Your network blocks the Lichess assets!

lichess.org
Donate

Analyzing blitz ELO disparities among major chess websites

ChessAnalysisLichessOver the board
A statistical review and in-depth analysis of differences in blitz ratings within the two largest online chess sites

I've been asked a hundred times too many about my rating on chess.com and Lichess by random beginners. When I proudly announce my hard-earned 2400 rapid, they immediately start asking me if I'm a GM. They all seem to share that same disappointed look on their faces when I burst their bubble and tell them that I'm not even close.

All these mini-conversations have raised a curiosity within me about what online ratings actually translate to in real life. In a perfect, boring ELO world, a 2400 online ELO would equal a 2400 FIDE rating, and I would be a happy IM. But this is far from a perfect ELO world—and this is mainly because of rating disparities.
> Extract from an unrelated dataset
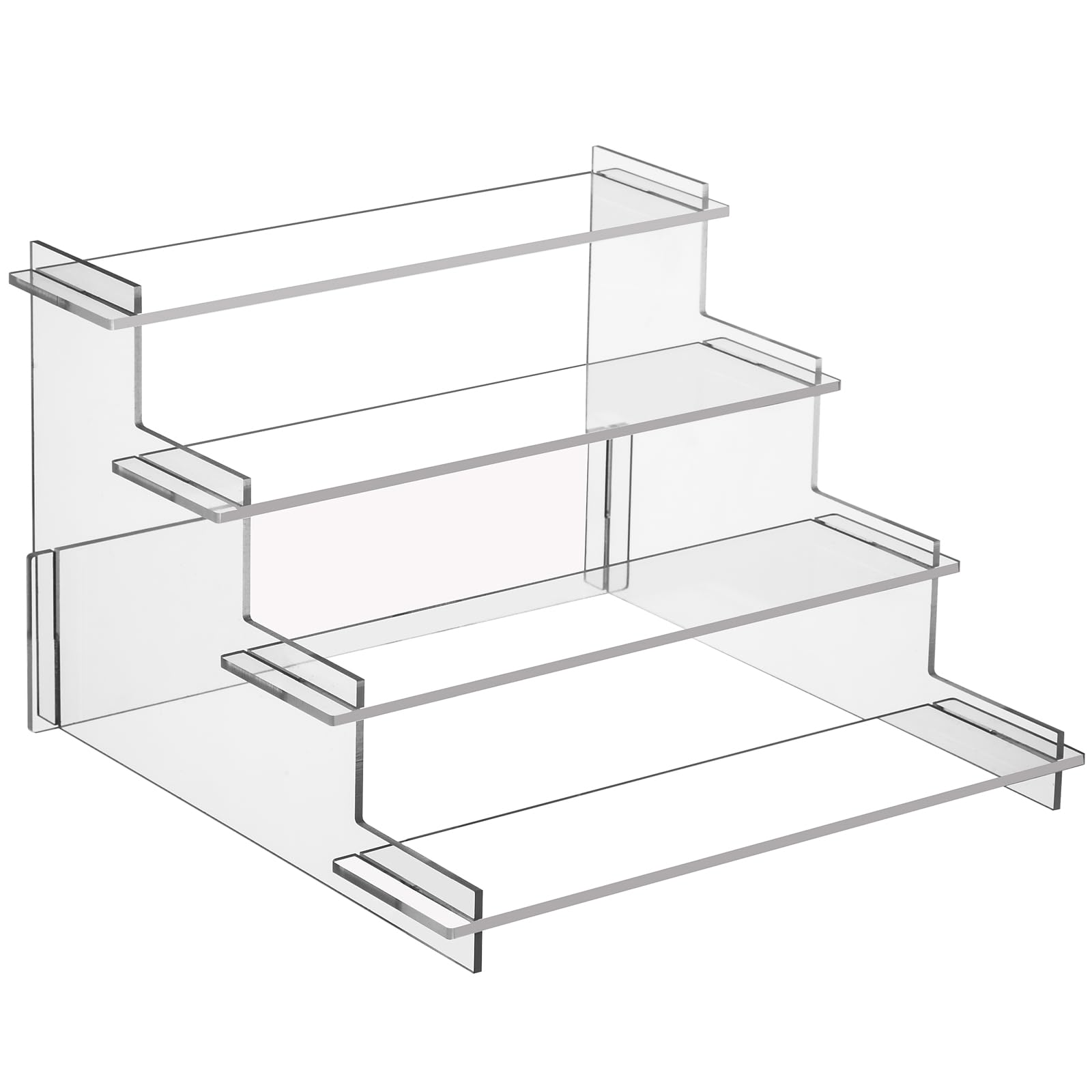 Display More Things: SIZE: Every acrylic panel is 9.5 IN long and 2.3 IN wide, the height of each tier is 1.6 IN. 4 tier cupcake stand is simple design and solid. Acrylic cupcake stand 4 tier features 4 layers that provides enough space to cologne perfume, cosmetic, skincare lotion, Amiibo Funko POP Figure, dessert, cupcake risers, collectibles and etc

What are rating disparities?

Rating disparities are quite self-explanatory. Basically, they're ELO differences among different federations or player pools.

Let's take my aforementioned online rapid ELO of 2400 as an example. My rapid rating on Lichess is 2400. However, I'd be squashed by a real 2400 in a matter of seconds, and my real level lies closer to 1900 FIDE. Therefore, my Lichess rating has a "disparity" of 500 ELO beyond my FIDE rating.

This process has occurred to a major extent throughout the online chess world, and that extent is exactly what I'm going to analyze in this blog.

Procedure/methodology

I will be using blitz data/ratings for my study on online websites, as it is the most consistently played among masters over both online and face-to-face. I would really love to use Rapid as a comparison for classical, but masters simply don't play the time control as much.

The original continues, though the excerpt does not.